Differential transformations of parabolic second-order operators in the plane

TL;DR

This paper extends Darboux's classical transformation results from hyperbolic to parabolic second-order operators in the plane, providing a general method to determine and compose transformations, with implications for integrable equations like Boussinesq.

Contribution

It introduces a general theorem for transformations of parabolic operators, showing how higher-order transformations can be composed of first-order ones and linking inverse transformations to integrable equations.

Findings

Transformations of parabolic operators can be systematically determined.

Higher-order transformations are compositions of first-order transformations.

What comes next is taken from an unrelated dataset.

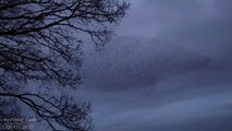 This stunning footage shows a starling murmuration forming the shape - of a meerkat's head
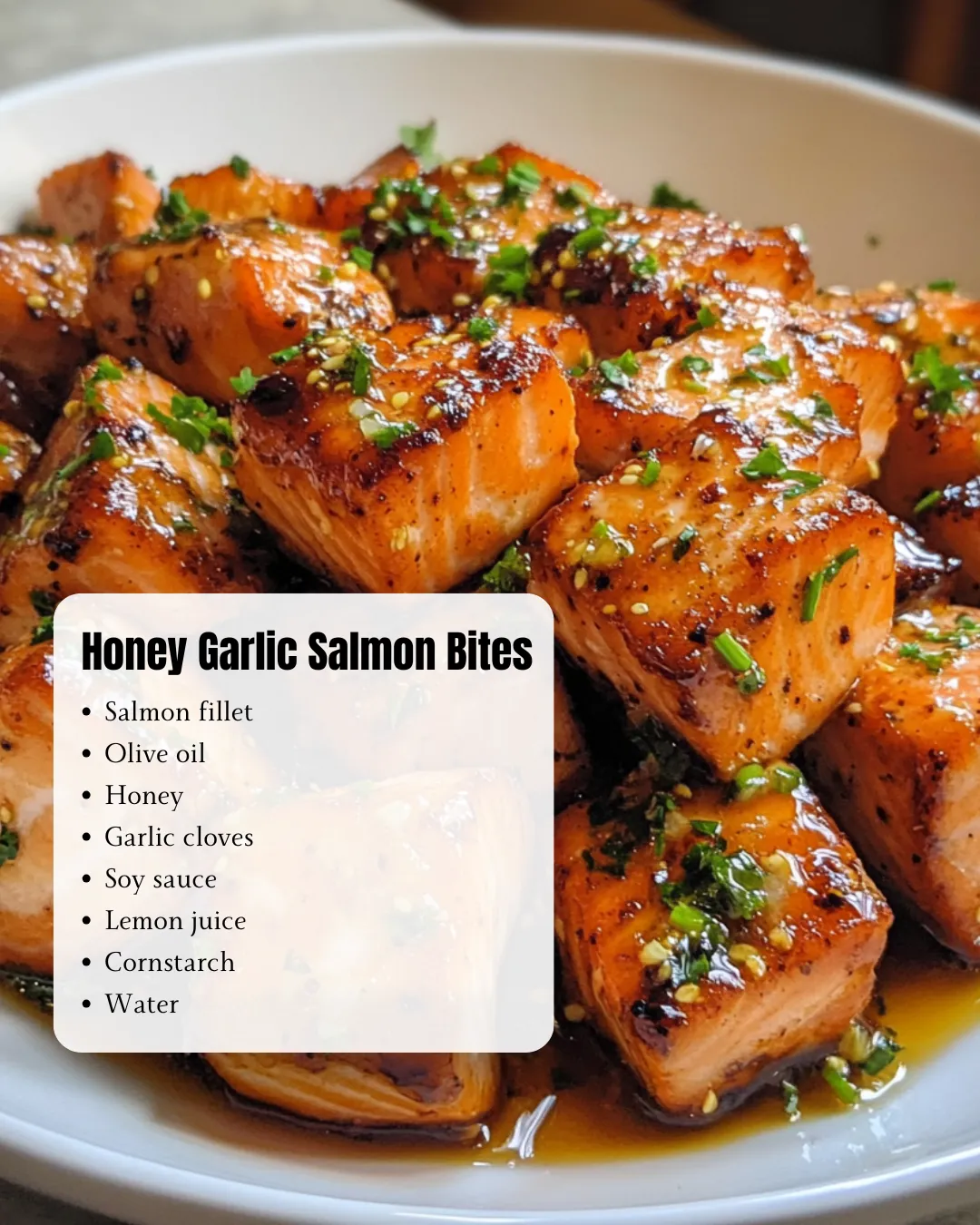 Return the salmon bites to the skillet and gently toss them in the honey garlic glaze until fully coated. Let them warm through for about 1-2 minutes. - Serve:

Inverse transformations impose differential constraints related to integrable equations.

Abstract

Here, Darboux's classical results about transformations with differential substitutions for hyperbolic equations are extended to the case of parabolic equations of the form $L u = \big(D^2_{x} + a(x,y) D_x + b(x,y) D_y + c(x,y)\big)u=0$. We prove a general Theorem that provides a way to determine transformations for parabolic equations shown above. It turnes out that transforming operators $M$ of some higher order can be always represented as a composition of some first-order operators that consecutively define a series of transformations. Existence of inverse transformations implies some differential constrains on the coefficients of the initial operator. We show that these relations can imply famous integrable equations, in particular, the Boussinesq equation.